The first current will be represented by a discussion that took place in an experiment involving sheets of paper. Our purpose was to motivate students to perform folds in such a way that they formed right angles. The purpose of the activity was to show through manipulable materials the fundamental theorem of perpendicularity. That said, at a certain point, the researcher asked: “So, for a line to be perpendicular to the plane, what is needed?” to which student Cleonice answered: “Let it be perpendicular to all the lines belonging to this given plane.” The researcher continued: “But is there a way for me to check this for all the lines of the plane?” The other member of the duo, Renata, said: “I don’t think so.” Cleonice insisted by saying:
There is, we did, didn’t we? The demonstration.” The interviewer continued: “For all the lines of the plane?” At that moment, student Cleonice began to produce three gestures, one after the other, each of which referred to a primitive entity of geometry. She said: “Take the intersection point between the line and the plane.” The first underlined expression alluded to the notion of the primitive being point. The following two indicated the elements line and plane. The first image in Chart 1 depicts the gesture produced by an index finger resting on the table, pointing to the intersection of the two edges of a paper, each of which represents a straight line that intersects at the place indicated by Cleonice. In the second image, the student raised one of her index fingers, and her other hand, palm down, touched that finger.

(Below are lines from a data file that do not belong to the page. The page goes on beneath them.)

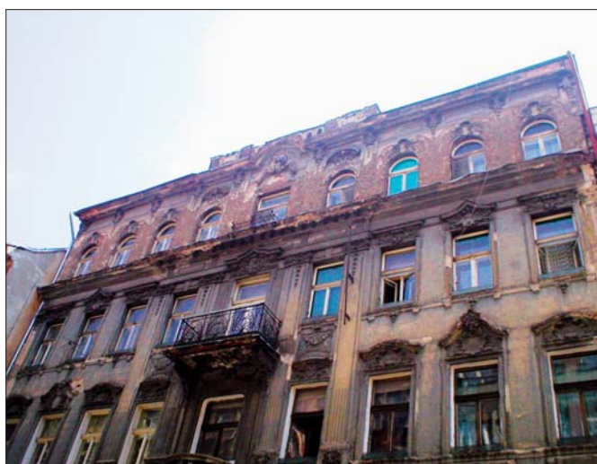
Fasáda Ve Smečkáč 6 – před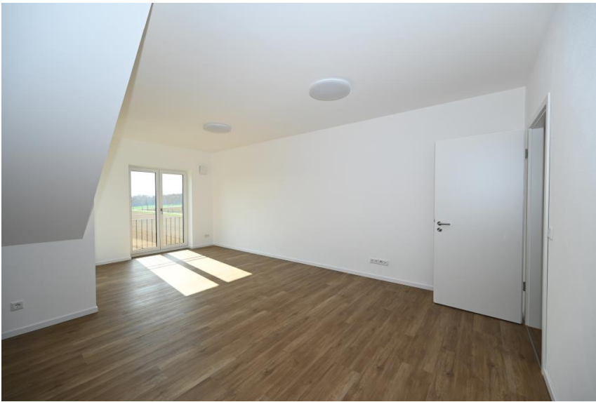
Großzügig und offen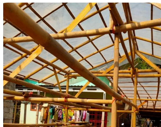
Gambar 4. Kegiatan Penjemuran Klatinting dengan menggunakan green house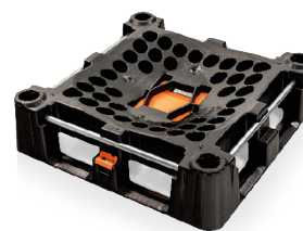
Das Basisgestell Indus Neva mit geschlossenem Schieber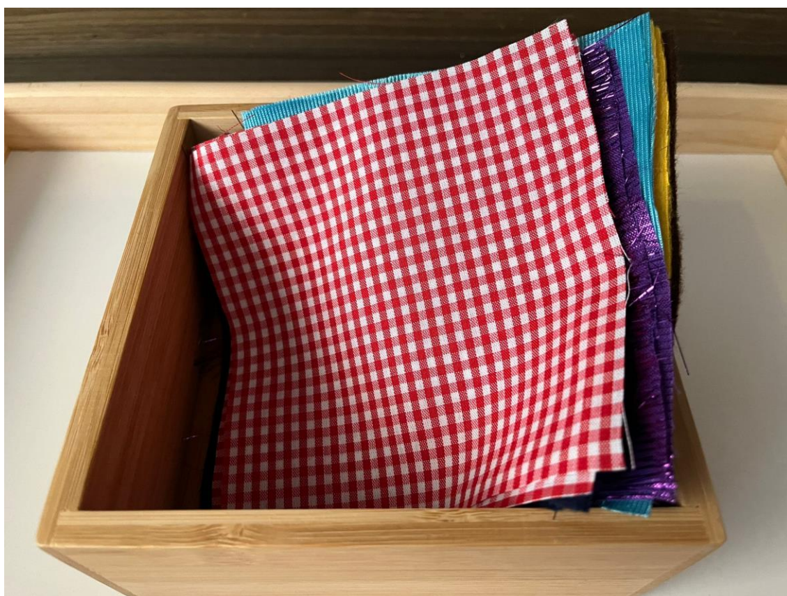
Caja telas Montessori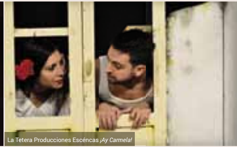
La Tetera Producciones Escénicas ¡Ay Carmela!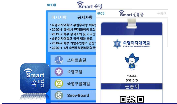
스마트 속명(APP) 속명 모바일 서비스 종합 어플리케이션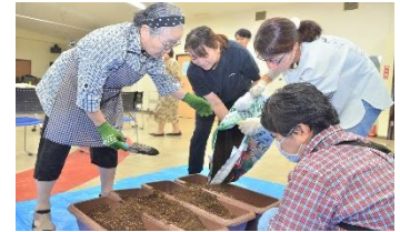
5年度に実施したプランター・ファーム講習会の様子

市内老人ホームや子どもを対象とした公民館事業などで市内農家等が育成した苗木やプランターキットを配布するほか、フォトコンテストを開催し、プランター・ファームを推進。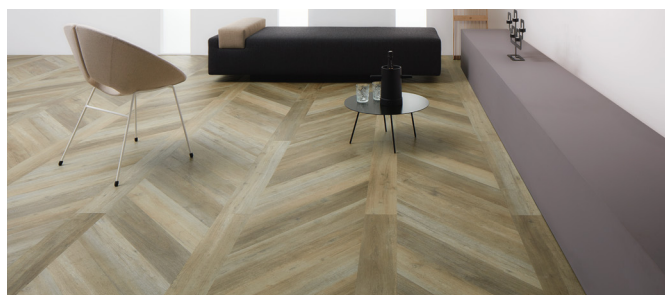
Układanie wzoru Jodełka Francuska opcja 2

Uwaga: Podobnie jak w przypadku każdego wzoru geometrycznego, nierówności lub pofalowania podłoża mogą powodować słabe wiązanie płytek lub desek do podłoża podczas montażu. Jest to szczególnie ważne w przypadku instalowania jodełki francuskiej, gdzie punkty narożne desek muszą się precyzyjnie łączyć. Należy zwrócić szczególną uwagę na przygotowanie podłoża, w celu zachowania należytej równości podłoża (zgodnie ze standardem SR1).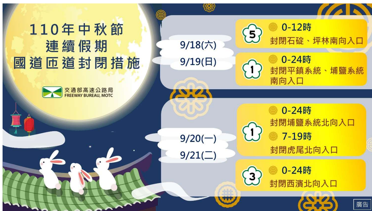
附圖 3 中秋節連續假期 國道匝道封閉措施

Through the video available via the QR Code, it is possible to see the gesture and speech synchrony, that is, as Cleonice spoke, she produced the corresponding gesture referring to her speech. We acknowledge the presence of McNeill (1992), who exposes the fact that gesture is an integral part of discourse. This scenario can also be confirmed by the fact that the student pronounced the word, alluding to a point, and then verbalized the second element, line, representing it by another type of gesture. Finally, the notion of plane was also represented by another movement that was consistent with what Cleonice pronounced. The triple gesture for each elementary notion of geometry produced by the student demonstrates what McNeill (1992) defends, i.e., that each gesture has a meaning in itself. In the case we presented, the index finger pointing to the meeting of three creases on the sheet of paper represented the same point. The same finger raised upwards indicated the idea of a straight line. The palm of one hand facing down represented some a plane.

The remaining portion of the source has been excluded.